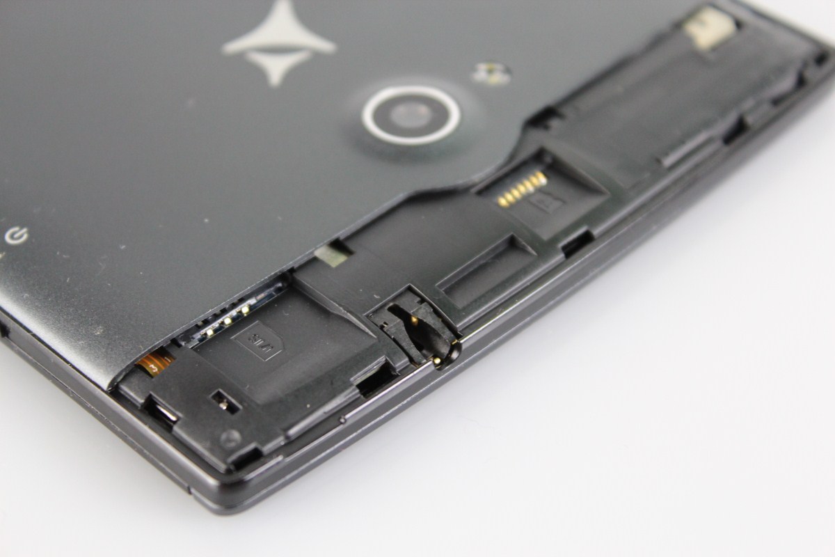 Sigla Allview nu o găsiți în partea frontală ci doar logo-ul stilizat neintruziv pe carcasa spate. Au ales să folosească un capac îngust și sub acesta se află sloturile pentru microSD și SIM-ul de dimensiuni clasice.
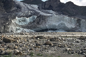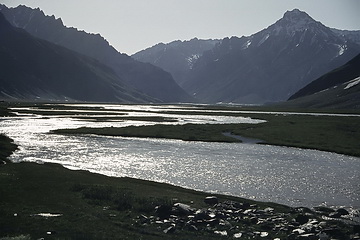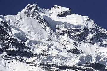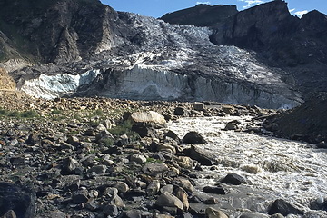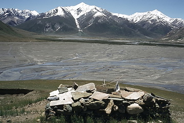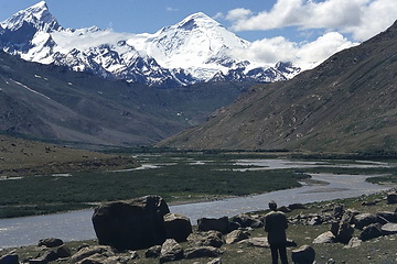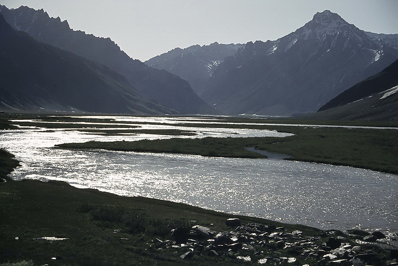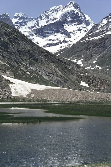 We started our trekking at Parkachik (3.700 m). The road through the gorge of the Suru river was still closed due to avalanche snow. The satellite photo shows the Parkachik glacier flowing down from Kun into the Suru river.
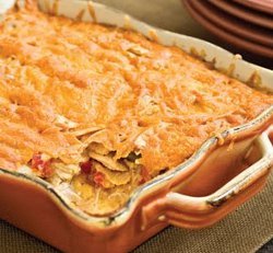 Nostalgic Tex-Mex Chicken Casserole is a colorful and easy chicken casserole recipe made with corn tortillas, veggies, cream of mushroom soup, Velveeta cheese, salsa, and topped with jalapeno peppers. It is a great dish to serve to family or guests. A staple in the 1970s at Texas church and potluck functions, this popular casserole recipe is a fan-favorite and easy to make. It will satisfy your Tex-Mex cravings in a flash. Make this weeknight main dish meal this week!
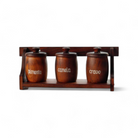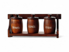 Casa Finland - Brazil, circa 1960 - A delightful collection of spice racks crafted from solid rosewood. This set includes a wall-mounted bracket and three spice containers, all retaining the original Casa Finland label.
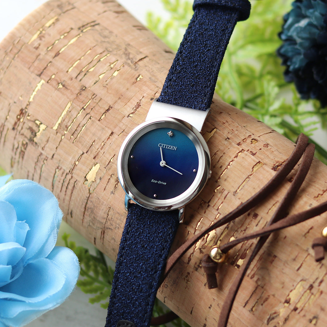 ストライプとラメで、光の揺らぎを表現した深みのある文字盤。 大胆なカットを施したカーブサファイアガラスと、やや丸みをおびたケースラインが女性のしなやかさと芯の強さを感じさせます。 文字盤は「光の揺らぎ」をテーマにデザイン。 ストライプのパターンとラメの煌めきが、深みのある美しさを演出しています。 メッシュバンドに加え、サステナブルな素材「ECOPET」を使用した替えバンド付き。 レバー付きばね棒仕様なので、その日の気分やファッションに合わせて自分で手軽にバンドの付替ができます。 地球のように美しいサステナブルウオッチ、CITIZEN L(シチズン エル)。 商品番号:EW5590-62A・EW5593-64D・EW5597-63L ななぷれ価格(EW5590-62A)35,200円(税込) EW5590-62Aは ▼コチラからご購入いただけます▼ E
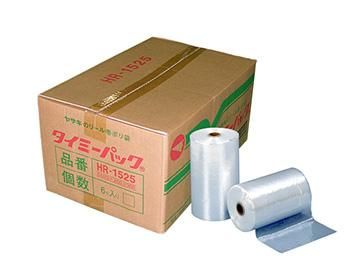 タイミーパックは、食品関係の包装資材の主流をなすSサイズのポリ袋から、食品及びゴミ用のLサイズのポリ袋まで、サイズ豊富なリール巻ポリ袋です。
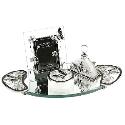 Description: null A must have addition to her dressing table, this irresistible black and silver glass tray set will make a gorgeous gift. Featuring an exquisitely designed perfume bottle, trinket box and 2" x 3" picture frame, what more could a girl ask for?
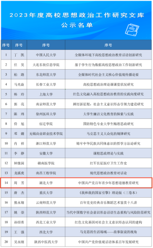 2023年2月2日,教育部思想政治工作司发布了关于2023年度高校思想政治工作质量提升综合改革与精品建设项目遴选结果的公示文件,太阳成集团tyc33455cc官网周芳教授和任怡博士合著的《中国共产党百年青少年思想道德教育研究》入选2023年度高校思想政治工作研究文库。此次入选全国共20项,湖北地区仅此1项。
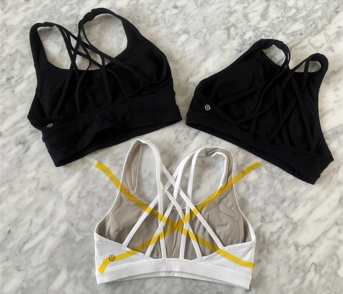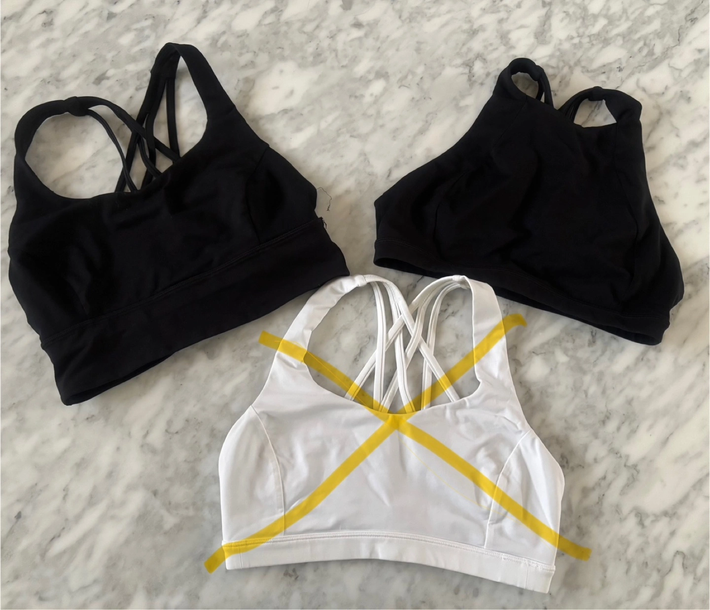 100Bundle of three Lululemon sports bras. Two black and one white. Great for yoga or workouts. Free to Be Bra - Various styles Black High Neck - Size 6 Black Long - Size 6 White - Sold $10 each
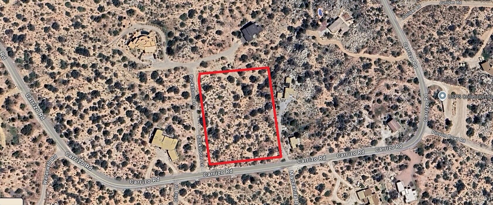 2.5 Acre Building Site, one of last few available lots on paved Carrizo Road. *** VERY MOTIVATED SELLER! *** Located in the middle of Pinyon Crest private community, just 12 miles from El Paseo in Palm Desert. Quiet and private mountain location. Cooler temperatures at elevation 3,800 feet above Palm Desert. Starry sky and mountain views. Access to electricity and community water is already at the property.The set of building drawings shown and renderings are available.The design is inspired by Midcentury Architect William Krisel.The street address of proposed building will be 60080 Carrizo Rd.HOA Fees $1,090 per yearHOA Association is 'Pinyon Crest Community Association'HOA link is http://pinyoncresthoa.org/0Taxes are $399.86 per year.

● ● ●

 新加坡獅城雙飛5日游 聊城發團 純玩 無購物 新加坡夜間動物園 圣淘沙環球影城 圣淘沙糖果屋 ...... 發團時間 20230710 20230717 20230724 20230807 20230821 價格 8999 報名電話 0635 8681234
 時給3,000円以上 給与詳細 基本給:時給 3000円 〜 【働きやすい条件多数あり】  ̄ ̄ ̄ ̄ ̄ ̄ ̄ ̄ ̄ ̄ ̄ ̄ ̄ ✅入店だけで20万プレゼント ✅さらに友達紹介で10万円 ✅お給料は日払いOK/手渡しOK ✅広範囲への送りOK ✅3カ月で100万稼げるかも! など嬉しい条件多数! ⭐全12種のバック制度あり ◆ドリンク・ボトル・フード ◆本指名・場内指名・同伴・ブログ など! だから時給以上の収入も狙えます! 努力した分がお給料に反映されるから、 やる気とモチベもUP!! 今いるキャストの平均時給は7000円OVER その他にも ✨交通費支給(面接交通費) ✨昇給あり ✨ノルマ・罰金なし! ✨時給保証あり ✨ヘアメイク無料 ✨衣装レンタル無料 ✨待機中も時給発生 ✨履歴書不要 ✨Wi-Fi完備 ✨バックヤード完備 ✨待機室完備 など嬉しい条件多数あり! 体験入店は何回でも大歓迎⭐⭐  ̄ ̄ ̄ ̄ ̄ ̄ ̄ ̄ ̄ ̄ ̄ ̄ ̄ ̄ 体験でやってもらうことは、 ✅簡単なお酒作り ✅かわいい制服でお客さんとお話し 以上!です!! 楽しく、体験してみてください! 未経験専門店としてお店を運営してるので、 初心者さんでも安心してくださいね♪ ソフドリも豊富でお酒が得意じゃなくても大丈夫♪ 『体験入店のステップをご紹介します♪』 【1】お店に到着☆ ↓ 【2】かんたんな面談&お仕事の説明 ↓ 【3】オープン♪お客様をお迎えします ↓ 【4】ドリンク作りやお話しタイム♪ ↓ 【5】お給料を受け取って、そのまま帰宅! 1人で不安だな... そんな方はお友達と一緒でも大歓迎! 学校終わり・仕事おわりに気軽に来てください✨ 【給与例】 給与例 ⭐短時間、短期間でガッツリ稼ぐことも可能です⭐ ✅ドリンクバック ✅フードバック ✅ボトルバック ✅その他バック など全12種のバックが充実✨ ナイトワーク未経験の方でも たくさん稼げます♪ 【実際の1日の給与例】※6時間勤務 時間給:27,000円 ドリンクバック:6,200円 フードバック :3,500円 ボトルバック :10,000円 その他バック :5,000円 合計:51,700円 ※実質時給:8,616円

● ● ●

**WHAT THE EXERCISE ASKS**. Work from the entries above. Set down exactly and only the lines from the line with "100Bundle of three" to the line with "2.5 Acre Building", both included, and leave the pictures out.

**WRITTEN ANSWER**.
 100Bundle of three Lululemon sports bras. Two black and one white. Great for yoga or workouts. Free to Be Bra - Various styles Black High Neck - Size 6 Black Long - Size 6 White - Sold $10 each
 2.5 Acre Building Site, one of last few available lots on paved Carrizo Road. *** VERY MOTIVATED SELLER! *** Located in the middle of Pinyon Crest private community, just 12 miles from El Paseo in Palm Desert. Quiet and private mountain location. Cooler temperatures at elevation 3,800 feet above Palm Desert. Starry sky and mountain views. Access to electricity and community water is already at the property.The set of building drawings shown and renderings are available.The design is inspired by Midcentury Architect William Krisel.The street address of proposed building will be 60080 Carrizo Rd.HOA Fees $1,090 per yearHOA Association is 'Pinyon Crest Community Association'HOA link is http://pinyoncresthoa.org/0Taxes are $399.86 per year.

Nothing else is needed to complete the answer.